CONROE- The Texas Police Games continued on Saturday with a variety of events, including the first day of K-9 competition at the Montgomery County Fairgrounds.
The dogs and their handlers competed in a variety of events that tested their skills and the dogs’ obedience to the handlers.
K-9 competition judge Ronnie Lagrone who retired from the Panola County Sheriff’s Office, explained the events, which began with one based on the dogs’ obedience and accuracy in staying near his handler.
The dog is expected to stop immediately with his handler and should comply with a command the first time. The dog’s pace in staying beside the handler is tested along with his attentiveness to his handler.
“We look at the dog, if it’s attentive to the handler, stays close to the handler, doesn’t forward, he doesn’t lag behind, makes clean crisp turns.” Lagrone said. “Everything is clean and crisp.”
“When the handler is fast paced, the dog’s still by his side,” Lagrone said. “When he gives (the dog) the command for downs, he drops immediately.”
At the end of that section, the handler walks well away from the dog and stands looking at him. The dog is expected to remain fully attentive for one minute.
“We judge if a dog looks off, we judge if a dog sniffs the ground or if he’s locked up on his man, and that’s what we look for in obedience,” he said.
Other sections of the competition included “bad guys” in protective suits which allowed handlers to demonstrate how their dog would respond on a scene where they both chased and subdued a suspect and protected their handler, who was being attacked by a second suspect.
“When (the handler) recalls the dog, that shuts him down,” Lagrone said.
In this case, the dog is not allowed to bite the man, which is related by verbal command. The dog should let go immediately and return to his handler, or drop in a hold position and bark at the suspect, which is considered another way of watching the suspect.

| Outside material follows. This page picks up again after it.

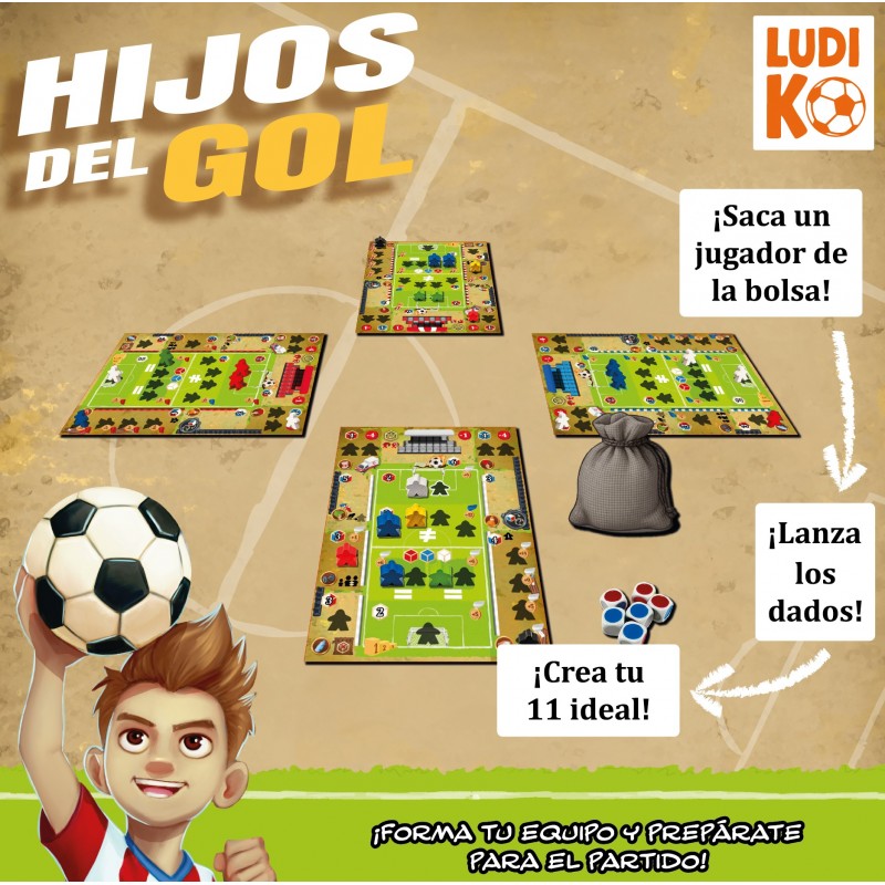 En Hijos del Gol, cada jugador intenta formar el mejor 11 titular y sumar el máximo de puntos. En tu turno, sacas un meeple de la bolsa, lanzas los 6 dados y lo colocas en una zona de tu tablero según la combinación obtenida. Cada zona otorga efectos o puntos, y podrás realizar acciones como fichar, lesionar o expulsar jugadores rivales, crear tu 11 inicial, llevarlos a la grada . La partida termina cuando alguien completa su 11: se calculan los puntos y por cada 10 puntos se marca un gol. ...

“We look at all the cleanness of these different things, which is what we judge the dogs on; how quick they come off; how clean their bites are; and then in the tactical is the ability for the man to move from object to object with the dog with him as his partner,” Lagrone said. “If he’s in the woods or somewhere else having to sneak up on people and then the ability for him to go up, search two, take one that’s fleeing when he’s attacked.”
The speed at which those things occur is also a consideration.
Bob Manning, who trains police dogs acted as one of the “bad guys” on Saturday, wearing the large padded suit so he could be attacked but not harmed. .
“For the most part, the suit helps you out,” Manning said. You’ll get pinched sometimes and some of the strong dogs will get you through the suit, but all in all it’s not as bad as it looks.”
One of the volunteer “bad guys” was actually knocked to the ground by one of the K-9’s, but the man was not harmed.
Even with high temperatures near or at record breaking numbers, many people braved the sultry weather to watch the completion.